Items listed in a dataset:
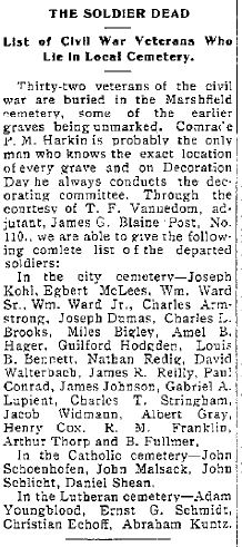 Thirty-two veterans of the civil war are buried in the Marshfield cemetery, some of the earlier graves being unmarked. Comrade P. M. Harkin is probably the only man who knows the exact location of every grave, and on Decoration Day he always conducts the decorating committee. Through the courtesy of T. F. Vannedom, adjurant, James G. Blaine, Post no. 110, we are able to give the following complete list of the departed soldiers:
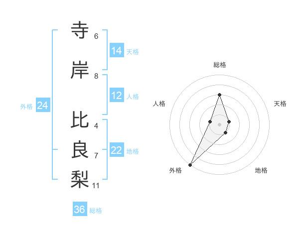 寺岸 比良梨さんを姓名の画数から五運を鑑定
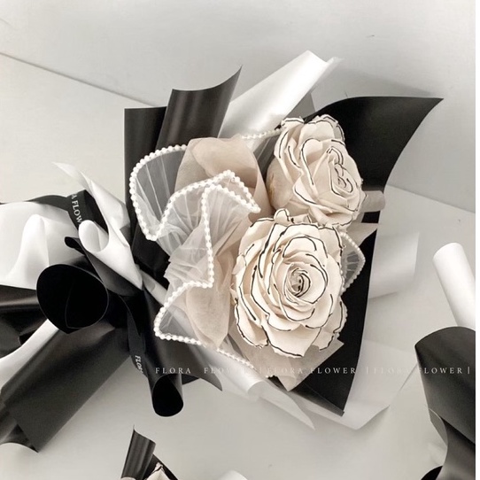 Floraflower 韓系黑白小香風花束〖高級禮物〗520 情人節 七夕 告白 浪漫 精美 質感 高級 永生花花束1朵|2朵Flowersfloraflower
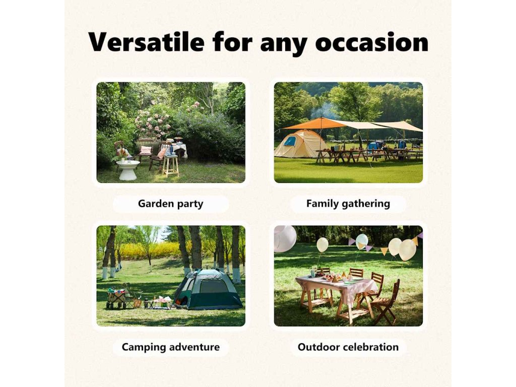 Tento nevyhnutný skladací párty stan je vynikajúci na širokú škálu vonkajších podujatí, ako sú rodinné stretnutia, grilovačky, popoludňajšie pikniky, kempovanie, narodeninové oslavy a mnoho ďalšieho!
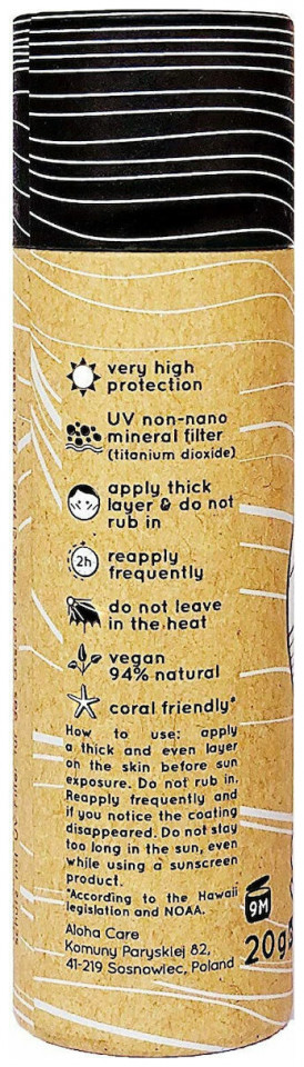 Το Aloha Sun Stick είναι ένα καταπληκτικό αντηλιακό σε μορφή stick απαραίτητο σε κάθε σέρφερ! Η πολύωρη παραμονή σας στο νερό είναι ιδιαίτερα επιβλαβής για το ευαίσθητο δέρμα του προσώπου, με αυτό το αντηλιακό όμως μπορείτε να κάνετε το αγαπημένο σας σπορ χωρίς τον φόβο του ηλιακού εγκαύματος καθώς παρέχει υψηλή προστασία από τον ήλιο με δείκτη SPF 50+ ενώ είναι σχεδιασμένο με φυσικά συστατικά. Με την αδιάβροχη σύνθεσή του παραμένει στη θέση του χωρίς να αφαιρείται από το νερό και το χρώμα του σας βοηθά να βλέπεται πότε χρειάζεται να κάνετε ανανέωση. Κατάλληλο για κάλυψη των τατουάζ ή σημαδιών στο δέρμα που δεν πρέπει να έρχονται σε επαφή με την ηλιακή ακτινοβολία.
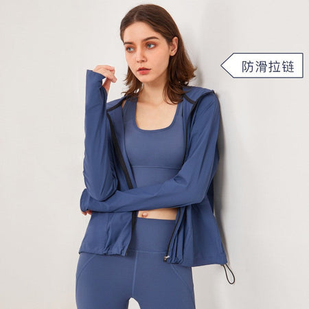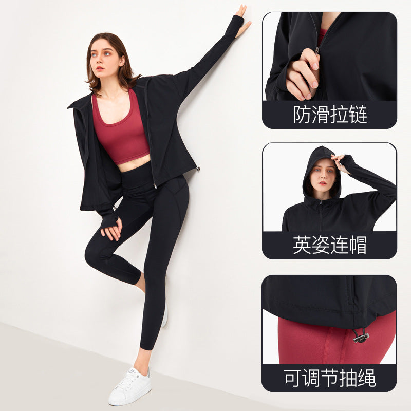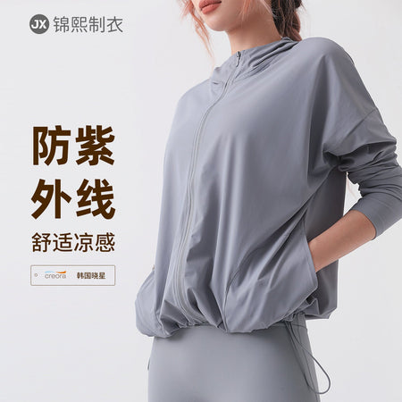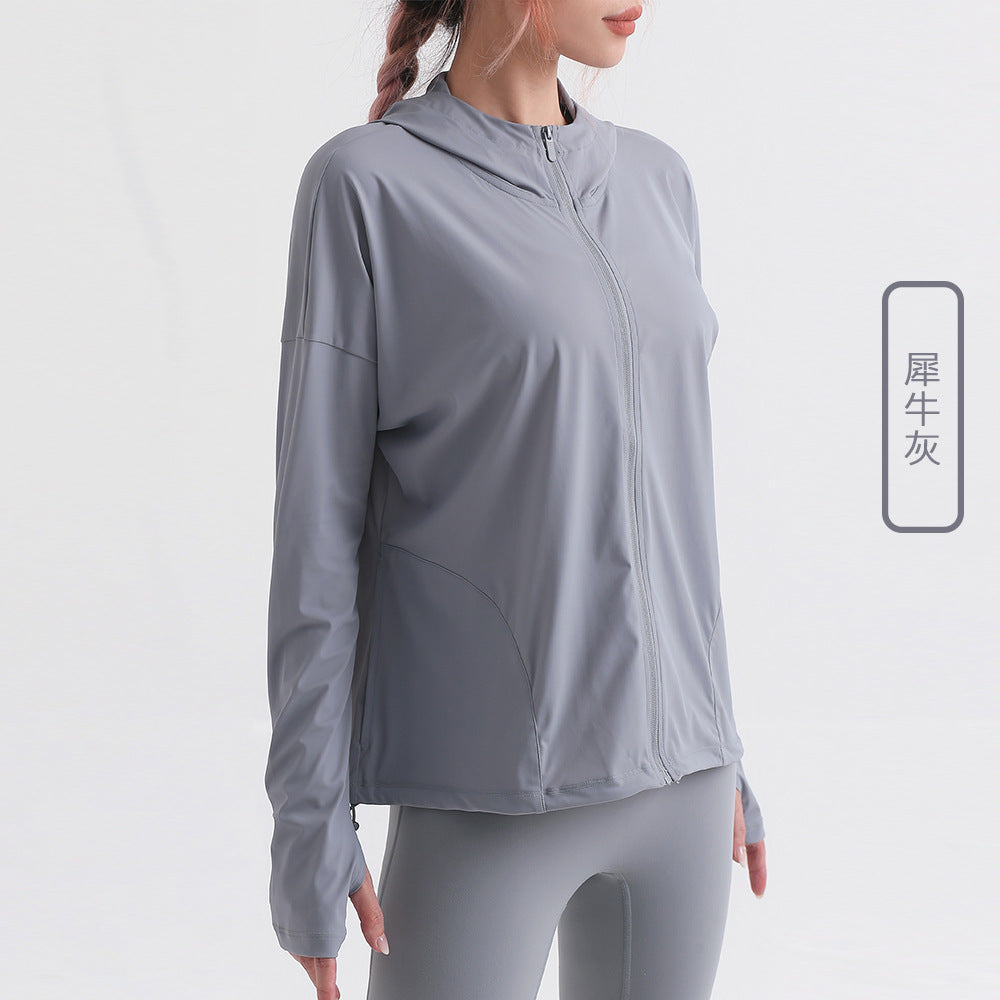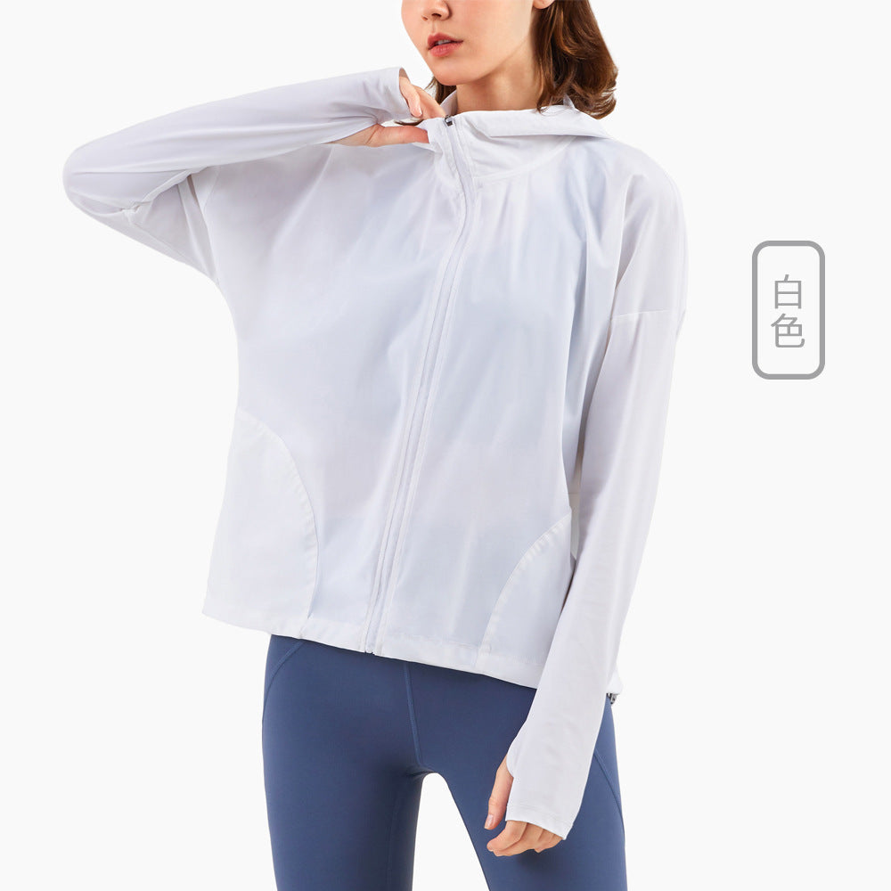 Crafted from breathable, sun-protective fabric, this jacket shields your skin from harmful UV rays while keeping you cool and dry. The full-zip front allows for easy on-and-off wear, while the hood adds extra protection from sun or wind. Its sleek design makes it versatile enough to pair with leggings, sports pants, or casual outfits. 🌸

AIM OF THE TASK –
Return the lines exactly as they stand, from the start of the entries through the line holding "Floraflower 韓系黑白小香風花束〖高級禮物〗520 情人節"; omit the pictures.

WRITTEN REPLY –
 Thirty-two veterans of the civil war are buried in the Marshfield cemetery, some of the earlier graves being unmarked. Comrade P. M. Harkin is probably the only man who knows the exact location of every grave, and on Decoration Day he always conducts the decorating committee. Through the courtesy of T. F. Vannedom, adjurant, James G. Blaine, Post no. 110, we are able to give the following complete list of the departed soldiers:
 寺岸 比良梨さんを姓名の画数から五運を鑑定
 Floraflower 韓系黑白小香風花束〖高級禮物〗520 情人節 七夕 告白 浪漫 精美 質感 高級 永生花花束1朵|2朵Flowersfloraflower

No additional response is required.